Refresher on SQL, Databases, Servers, and Ports

A database is the basic electronic information storage unit. It is a collection of information organized to provide efficient retrieval. The collected information could be in any number of formats (electronic, printed, graphic, audio, statistical, combinations). There are physical (paper/print) and electronic databases.

A database could be as simple as an alphabetical arrangement of names in an address book or as complex as a database that provides information in a combination of formats.

A server is something that handles requsts over a network. It listens for requests on a port. A database server handles query requsts into a database. Th database server retrieves the requests an assembles the result in a way specified in the query.

SQL stands for structured query language. It is just a query language, not a database. It does not describe a database. It can describe a server because it can be the language in which the server reads its queries.

# install.packages("odbc")
library(DBI)

What does the DBI package do?

DBI separates the connectivity to the DBMS into a “front-end” and a “back-end”. Applications use only the exposed front-end API. The back-end facilities that communicate with specific DBMSs (SQLite, MySQL, PostgreSQL, MonetDB, etc.) are provided by drivers (other packages) that get invoked automatically.

In our case, the driver we are using is odbc. We need the odbc package to access our that we’ve been managing using Microsoft SQL Server Management Studio. Note that we are not explicitly invoking the odbc package ie we are not running library("odbc").

What is the odbc package?

The goal of the odbc package is to provide a DBI-compliant interface to Open Database Connectivity (ODBC) drivers. This allows for an efficient, easy to setup connection to any database with ODBC drivers available, including SQL Server, Oracle, MySQL, PostgreSQL, SQLite and others. The implementation builds on the nanodbc C++ library.
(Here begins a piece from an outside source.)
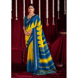 Yellow & Blue Color Ikkat Silk Fabric...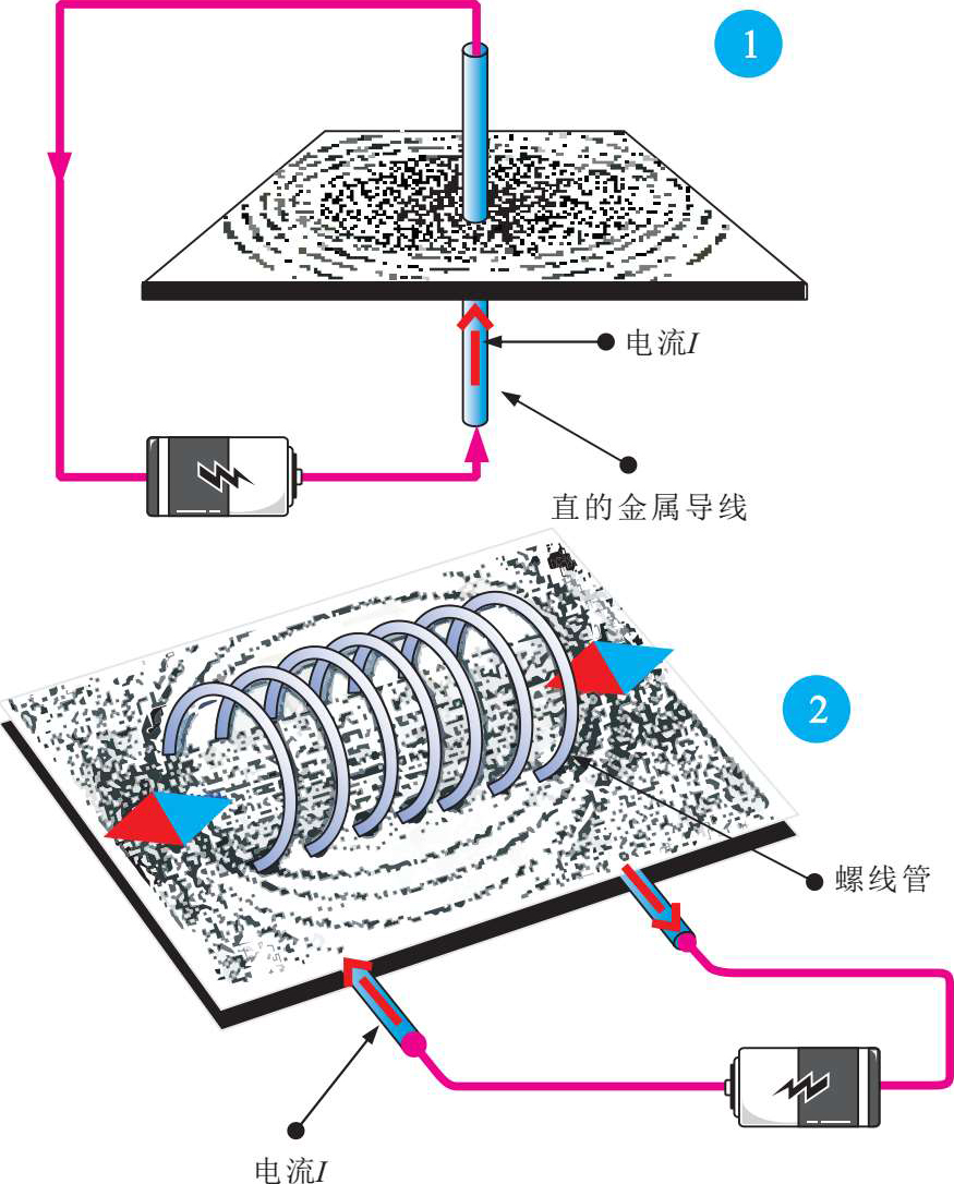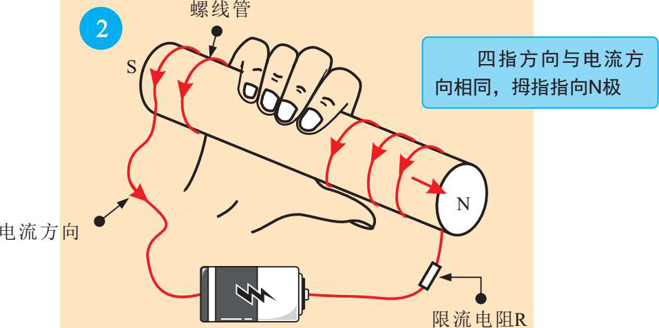 2 通电的螺线管也会产生出磁场。在螺线管外部的磁场形状和一块条形磁铁产生的磁场形状是相同的,判别磁场的方向也遵循右手定则。

Definition Open Database Connectivity (ODBC) Drivers

The Microsoft Open Database Connectivity (ODBC) interface is a C programming language interface that makes it possible for applications to access data from a variety of database management systems (DBMSs).
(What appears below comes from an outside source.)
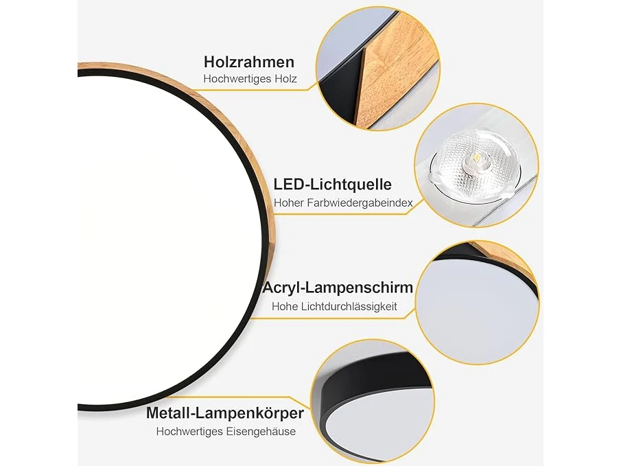 Ongebruikt, getest en werkend, ok, licht beschadigde verpakking, Qamra led-plafondlamp (40 cm), 4000 K, eenvoudige ronde plafondlamp, hout, zwart, woonkamerlamp, slaapkamerlamp, plafondlampen, lamp voor slaapkamer, kleedkamer, kinderkamer, balkon, keuken (40 cm), B0B1Q1TPQQ

# how to connect to a local MS SQL Express instance:
con <- DBI::dbConnect(odbc::odbc(), 
                      Driver = "SQL Server", 
                      Server = "localhost\\SQLEXPRESS", 
                      Database = "AdventureWorks2016", 
                      Trusted_Connection = "True")
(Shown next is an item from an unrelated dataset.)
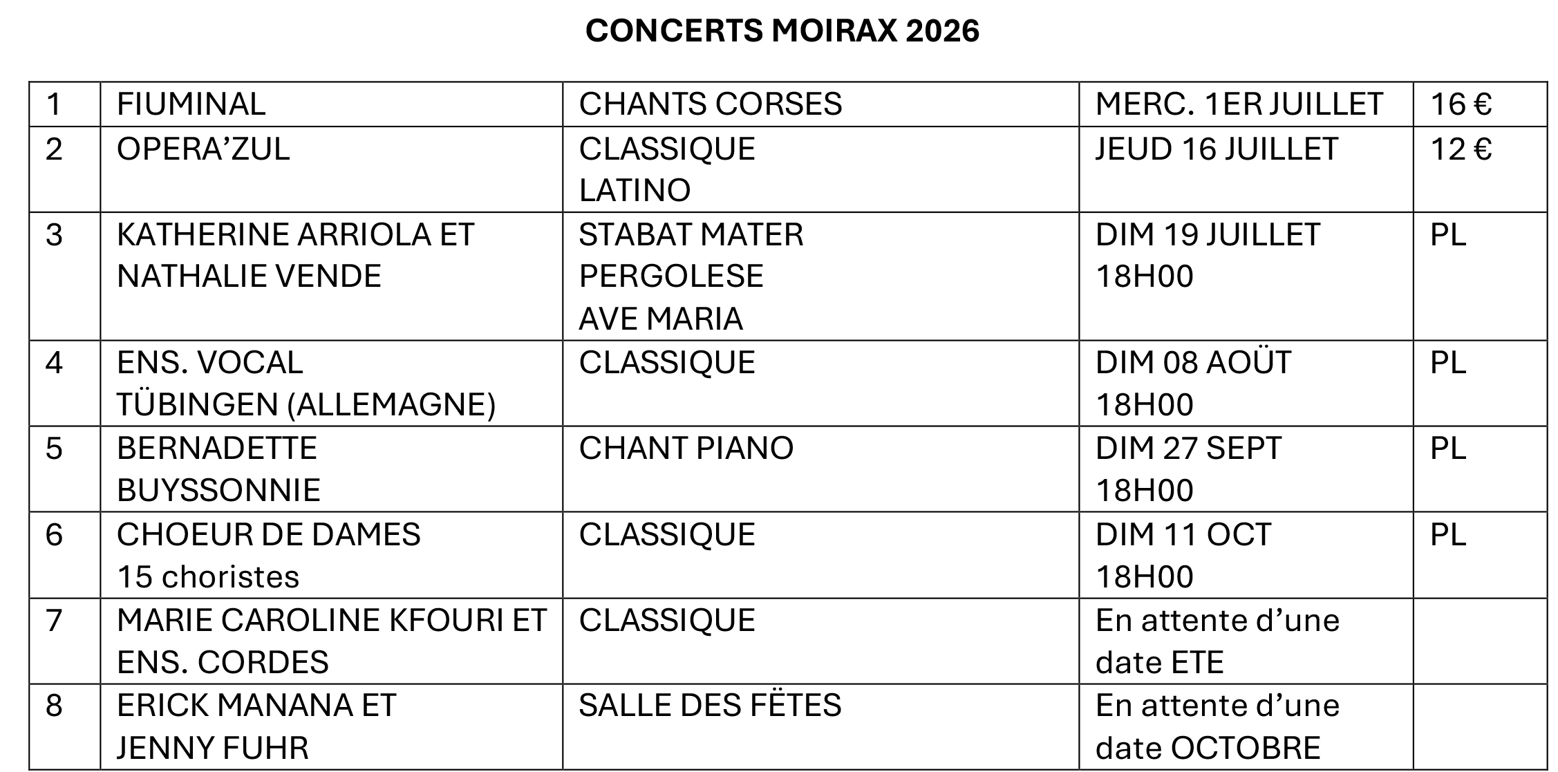 • Exposition et vente de l'association Moirax Céramique dans la salle des moines, dates à préciser.

How are we using odbc without running library("odbc")? What is odbc::odbc()?

DBI provides a front-end interface that we will use and does all the back-end stuff for us invisibly; hence, we do not need to run library("odbc").

However, dbConnect(driver, ...) does requre a driver. It is more efficient and cleaner to just grab the driver, odbc() object from the odbc package. :: is an R unary operator that allows us to access variabls in a namespace.

# Create a RSQLite driver with a string
d <- dbDriver("SQLite")

# BETTER: access the object directly
RSQLite::SQLite()

dbConnect(driver, ...)

con <- DBI::dbConnect(odbc::odbc(),
                      Driver   = "[your driver's name]",
                      Server   = "[your server's path]",
                      Database = "[your database's name]",
                      UID      = rstudioapi::askForPassword("Database user"),
                      PWD      = rstudioapi::askForPassword("Database password"),
                      Port     = 1433)
dbListTables(con)[0:10]
‘AWBuildVersion’, ‘DatabaseLog’, ‘ErrorLog’, ‘Department’, ‘Employee’, ‘EmployeeDepartmentHistory’, ‘EmployeePayHistory’, ‘JobCandidate’, ‘Shift’, ‘Address’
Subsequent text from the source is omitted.